5. Membaca Al-Qur’an dan datang Orang yang Punya Keperluan

Apabila ada orang yang punya keperluan dengannya, sedangkan ia dalam keadaan membaca Al-Qur’an, dan memungkinkan baginya untuk menjawab orang yang bertanya dengan isyarat yang dapat dipahami dan ia yakin bahwa hal itu tidak mengecewakan hatinya dan tidak mengganggu hubungan antara keduanya, maka sebaiknya ia menjawabnya dengan isyarat dan tidak menghentikan bacaan.

Jika ia menghentikannya, maka hal itu dibolehkan. Dan Allah Maha Mengetahui.

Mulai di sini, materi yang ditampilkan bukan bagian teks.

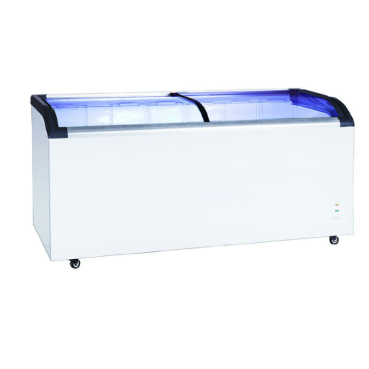 The Admiral Craft BDCF-12-CG Black Diamond Chest Freezer is a versatile refrigeration solution with an overall size of 50"W x 26-4/5"D x 33-1/2"H, designed to meet the needs of various market segments. It boasts a substantial 12.5 cu ft. capacity, making it suitable for both small and large scale food storage applications. The freezer features a curved sliding glass lid, providing easy access and enhanced visibility of stored items. With four wire coated baskets, it facilitates organized storage. The LED interior lighting ensures clear visibility, while the manual temperature control and defrost system offer precise regulation. It operates within a temperature range of -4°F to -10°F, suitable for preserving a wide array of products. The inclusion of indicator lights provides easy monitoring of the unit's status. For added convenience, it has a drain plug and bottom-mounted self-contained refrigeration. The interior is made of white aluminum, while the exterior is crafted from white powder coated steel, ensuring durability. Equipped with four built-in casters, it offers mobility. Utilizing R290 Hydrocarbon refrigerant and running on 115v/60/1-ph with 1.6 amps and an 8' power cord, this unit is cETLus and ETL-Sanitation certified, ensuring compliance with industry standards.

6. Berdiri saat Membaca Al-Qur’an

Apabila datang kepada pembaca Al-Qur’an orang yang berilmu atau terhormat atau orang tua yang terpandang atau memiliki kehormatan sebagai pemimpin atau lainnya, maka tidak ada masalah bila pembaca berdiri untuk menghormati dan memuliakannya, bukan karena riya’ dan membanggakan diri. Bahkan perbuatan itu mustahab (sunnah). Berdiri sebagai penghormatan adalah perbuatan Nabi dan perbuatan para sahabatnya di hadapan beliau dan dengan perintahnya serta perbuatan para tabi’in dan ulama yang shaleh sesudah mereka.

Telah saya kumpulkan sebagian tentang berdiri dan saya sebutkan di dalamnya hadits-hadits dan atsar-atsar yang diriwayatkan tentang kesunnahannya dan pendapat yang melarangnya.

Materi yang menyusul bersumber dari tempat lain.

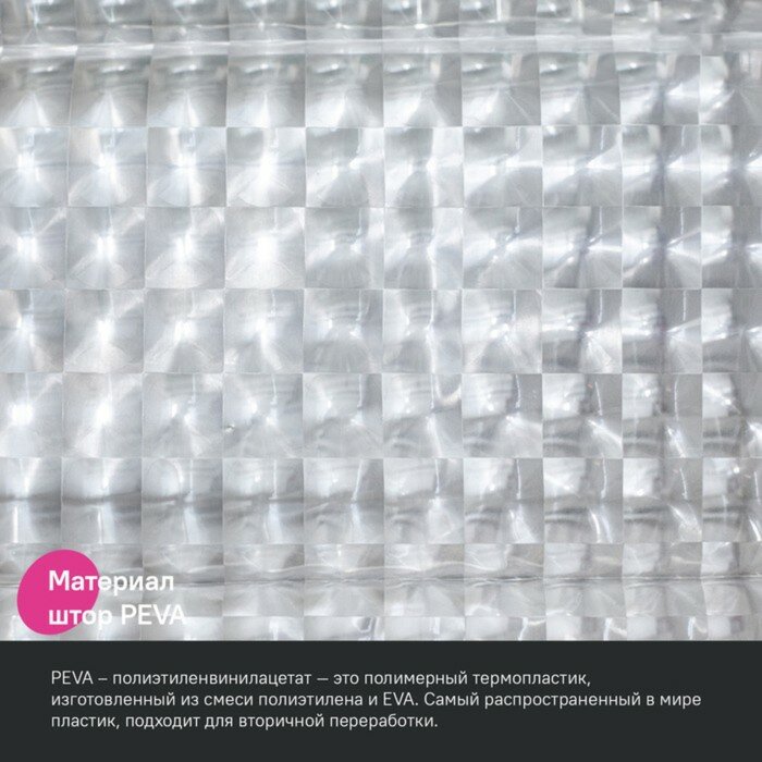 Полупрозрачная 3D-штора для ванной с рисунком из маленьких квадратов. Изготовлена из современного материала PEVA – мягкого, приятного на ощупь, экологичного и безвредного для здоровья термопластика (толщина 0,13 мм).• Без неприятного запаха, благодаря чему шторку для ванной можно использовать уже в день покупки.• В комплекте 12 прозрачных пластиковых колец С-формы.• По верхнему краю 12 штампованных отверстий-люверсов – кольцо/крючок легко пройдет насквозь, не повредив шторы.• Материал PEVA на 100% водонепроницаем и надежно защищает от брызг, не подвержен развитию плесени и грибка.• Просто ухаживать: достаточно протереть салфеткой с мылом и промыть под душем. При этом штору можно даже не снимать с карниза.Гарантия на текстильные аксессуары IDDIS® – 1 год.

Saya jelaskan semua itu dengan memuji Allah Ta’ala. Maka siapa yang meragukan sesuatu dari hadits-haditsnya, hendaklah ia mempelajarinya, niscaya ia dapati keterangan yang menghilangkan keraguannya, insya’ Allah.

Syaikh bin Baz Rahimahullahu saat ditanya bolehkah berdiri menyambut tamu untuk menghormatinya, beliau menjawab:

Anda tidak harus berdiri menyambut orang yang datang. Barang siapa berdiri untuk menjabat tangannya dan menuntunnya—terlebih lagi tuan rumah dan para pemuka—ini merupakan akhlak yang mulia.

Sungguh, Nabi shallallahu alaihi wa sallam telah berdiri menyambut Fathimah radhiallahu anha (putri beliau, -red.). Demikian juga Fathimah radhiallahu anha berdiri menyambut kedatangan beliau.

Para sahabat berdiri atas perintah Nabi shallallahu alaihi wa sallam untuk menyambut Saad bin Muadz radhiallahu anhu ketika dia datang untuk menghukumi Bani Quraizhah.

Thalhah bin Ubaidillah radhiallahu anhu berdiri di hadapan Nabi shallallahu alaihi wa sallam ketika Kaab bin Malik radhiallahu anhu datang pada peristiwa diterimanya tobat beliau oleh Allah subhanahu wa ta’ala. Thalhah menjabat tangannya, mengucapkan selamat kepadanya, kemudian duduk.

Ini merupakan akhlak yang mulia.

•┈┈┈┈┈┈•❀❁✿❁❀•┈┈┈┈┈•

اللَّهُمَّ إِنِّي أَعُوذُ بِكَ أَنْ أُشْرِكَ بِكَ وَأَنَا أَعْلَمُ ، وَأَسْتَغْفِرُكَ لِمَا لا أَعْلَمُ

“Ya Allah, aku meminta pada-Mu agar dilindungi dari perbuatan syirik yang kuketahui dan aku memohon ampun pada-Mu dari dosa syirik yang tidak kuketahui”.